13. Third, to the extent the prosecution witnesses P.W.-1 and P.W.3 (father and son) have offered an exaggerated account of that assault wherein it has also been claimed that the appellant had bitten at the private part of the deceased, is patently false. No medical corroboration exists of any such occurrence.
14. Plainly, a sudden quarrel had erupted between the parties that was not witnessed by any person, from the beginning. Only because of one unintended injury suffered by the deceased, resulting in his death, the occurrence may not travel beyond the ingredients of offence under Section 299 I.P.C. The appellant may have been punished under Section 304 Part-I, I.P.C. only.
15. On the other hand, learned A.G.A. would submit, the motive on the part of the appellant was clearly established. He suspected that the deceased had formed illicit relationship with his wife. Arising from that, he developed the motive to kill the deceased. Therefore, he caused the occurrence wherein deceased received fracture injury to his skull. That led to his death. As to the injuries received by the present appellant, it has been submitted, those are minor in nature. However, it could not be disputed that the prosecution did not ascribe any deadly weapon or any particular weapon to the appellant. Absolutely no recoveries were made to establish how and with what weapon of assault the deceased came to suffer one fatal injury.
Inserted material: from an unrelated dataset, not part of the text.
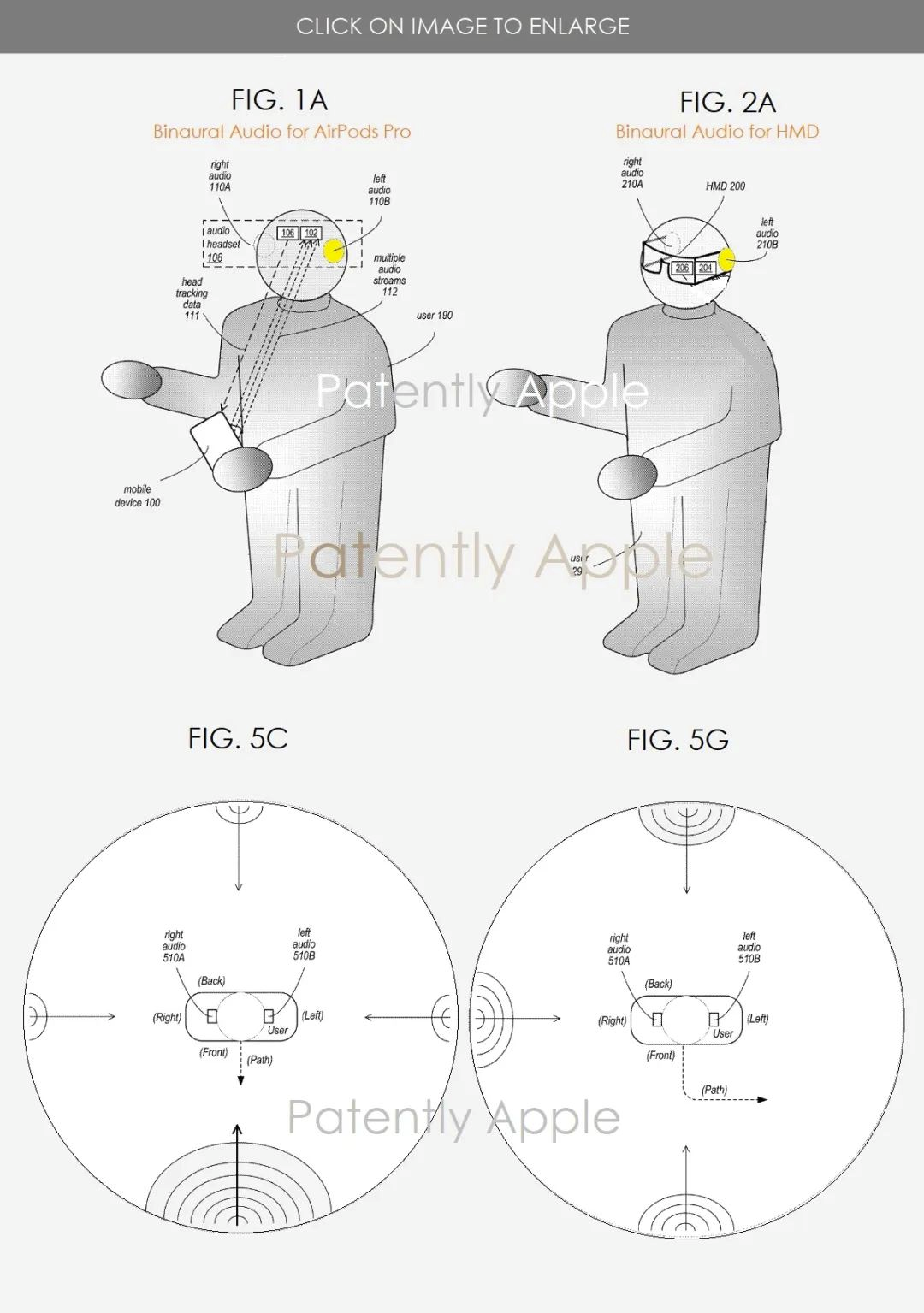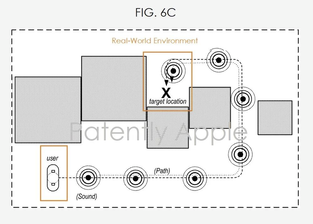 苹果授予的专利图5C和5G展示了空间音频导航系统可能使用的各种空间音频导航方法。苹果公司的专利图6C说明了一种离散路径追踪方法,其中声音沿着路径以离散间隔移动。在一些实施例中,当声音到达路径的终点时,它返回到路径的起点并重复该过程。

16. Having heard learned counsel for the parties and having perused the record, there is no reason to doubt that the occurrence had been caused on the date, time and place as narrated by the prosecution. Also, there is less reason to doubt that other than the appellant no other person had entered into any transaction with the deceased at the time of the occurrence as may have led to his death. It however requires serious consideration if the ingredients of heinous offence of murder (under Section 300 I.P.C.), are made out.
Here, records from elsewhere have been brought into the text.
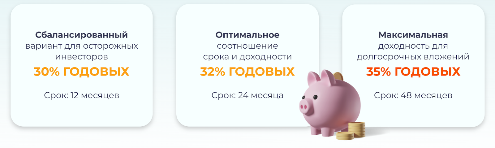 - Оптимальный. Предусматривает большую доходность на уровне 32% в год. В этом случае периодичность выплат составляет раз в два года.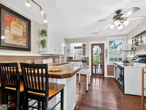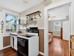 The main residence on this 14.13 acres in Rome, GA features 2 bedrooms and 2 bathrooms, blending timeless charm with modern comfort. Inside, you’ll find warm hardwood floors, abundant natural light, and inviting living spaces designed for relaxation. One of the highlights is the beautiful glass sunroom, offering panoramic views of the property and creating a serene space to enjoy every season. Step outside to a charming stone courtyard and pergola patio—perfect for outdoor dining and entertaining on your Rome, GA 14.13-acre retreat priced at $429,000.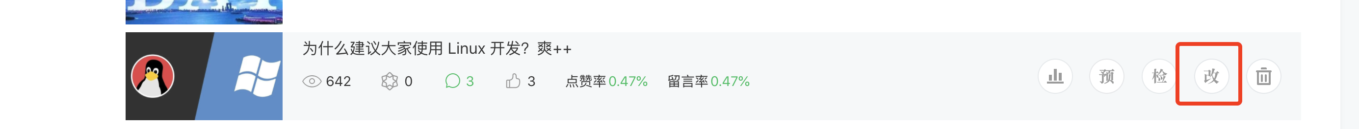 首页,找到发布的文章,鼠标移过去,有个【改】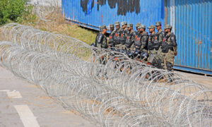 Pic03-003 ISLAMABAD-Nov03: Rangers personals stands alert at D-Chowk due to PTI long march arriving in Federal Capital. ONLINE PHOTO by Sultan Bashir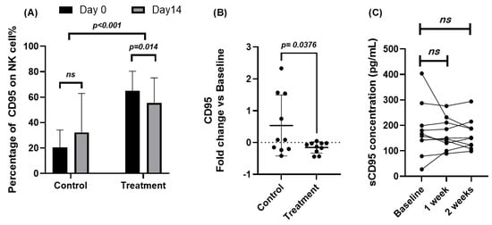 Figure 2. Effects of Juzentaihoto (JTT) on CD95 expression in NK cells and serum Fas ligand (FasL) levels in cancer patients. (A) Percentage of CD95+ NK cells in ten cancer patients and ten healthy volunteers at baseline (Day 0) and after 14 days of JTT administration, determined by flow cytometry. Statistical comparison between Day 0 and Day 14 was performed using paired t-tests. (B) Fold change in CD95 expression [(Day 14 − Day 0)/Day 0] in control and patient groups. Between-group comparison was assessed using unpaired t-tests. (C) Serum Fas ligand (FasL, pg/mL) levels measured by ELISA at baseline, 1 week, and 2 weeks after JTT administration in cancer patients. Each post-treatment time point was compared with baseline using paired t-tests. No significant differences were observed in FasL concentrations, with p = 0.54 at 1 week and p = 0.57 at 2 weeks after JTT administration. Data are expressed as mean ± SD with 95% confidence intervals. ns, not significant; p < 0.05, statistically significant.

17. Only two witnesses of fact have been relied by the prosecution to establish the occurrence of murder. In that, Phresh Kumar Pathak (P.W.-1) is a bystander who saw the appellant and the deceased involved in a quarrel wherein the appellant was sitting on the chest of the deceased and assaulting him. Without anything more i.e. without assigning any weapon to the appellant, it was narrated that the deceased received serious injury on his head. He further narrated that he along with others pulled apart the appellant and Baba Mangal Das, and carried the injured Baba Mangal Das to Saifai Hospital, where he died. Ramendra Pathak (P.W.-3) who is the son of P.W.-1, added to that narration by stating that he saw the appellant biting at the private part of the deceased. He also tried to introduce motive by relying on hearsay that the deceased was a man of bad character and that the appellant suspected that his wife had formed illicit relations with the deceased. However, there is no evidence of such illicit relations formed by the deceased with the wife of the appellant.
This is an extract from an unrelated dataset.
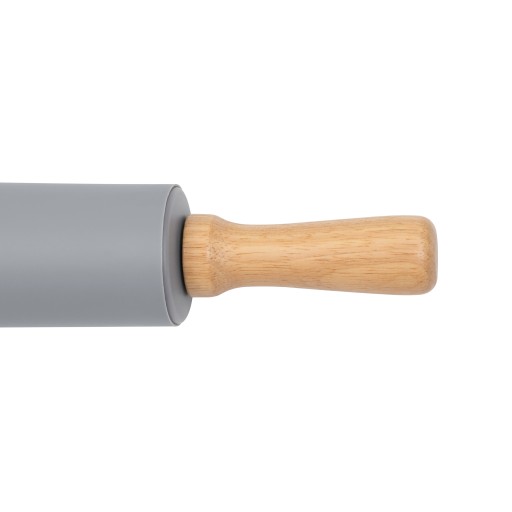 Silikonowy wałek posiada drewniane, antypoślizgowe uchwyty, dzięki czemu idealnie dopasują się do dłoni.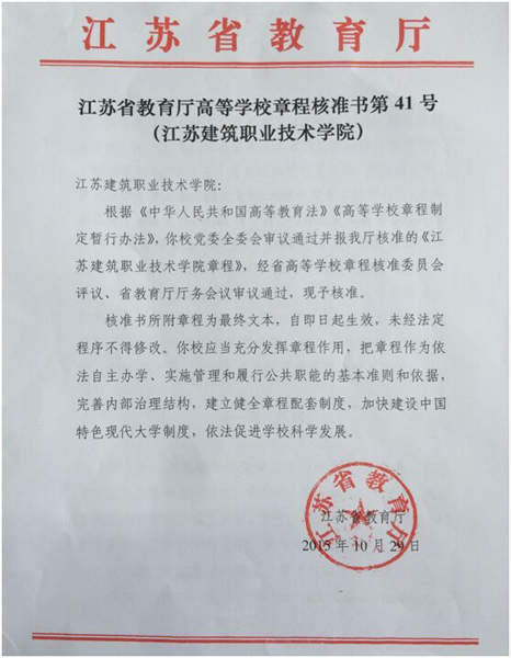 近日,学校收悉《江苏省教育厅高等学校章程核准书》(第41号)。核准书载明,经江苏省高等学校章程核准委员会评议,2015年10月29日,省教育厅厅务会议审议通过了《MK.COM章程》,即日起生效。

18. Thus, we are unable to infer from that evidence led by the prosecution-any intention on part of the appellant to cause the murder. Thus, element of pre-meditation is completely lacking. Second, in absence of assignment of any weapon of assault and third, in the absence of any description how the deceased came to suffer one fatal injury on his head as may have been caused by a hard and blunt object, we are also unable to infer any intention to cause any specific injury to the deceased that may or may not involve knowledge that it would likely cause death. Fourth, on the own showing of the prosecution, both, the deceased Baba Mangal Das and the present appellant were involved in a physical assault. They were hitting each other, perhaps with their hands. These observations we have made being mindful that only one grievous injury was suffered by the deceased. That has not been proven to be deliberately caused. Also, 13 injuries were suffered by the appellant as noted by Dr. Sushil Yadav (D.W.-2).
19. It is not common that in such physical fights with bare hands one or the other person involved, may fall either due to a push or loss of balance and unintentionally fall on hard and blunt object/s as may cause such injury. Insofar as the present appellant is concerned, he too had received lacerated wounds and cut wounds, besides abrasion and contusion. Yet, the prosecution did not prove that the one fatal injury suffered by the deceased was caused, in any particular way, by the appellant. That fact is not proven, to that extent.
20. Seen in the entirety of the facts and circumstances of the occurrence as noted above, it is clear to us, the prosecution has not come with the complete version of the occurrence inasmuch neither the genesis of the quarrel is clear nor the injuries suffered by the present appellant, have been explained.
21. Also, we note, Phresh Kumar Pathak (P.W.-1) narrated in the F.I.R., he reached the place of occurrence much later-upon hearing noise arising from some commotion. Also, he did not name his son Ramendra Pathak (P.W.-2) as one of the person who saw the occurrence. Thus, presence of those witnesses at the time of the occurrence is also not established beyond reasonable doubt.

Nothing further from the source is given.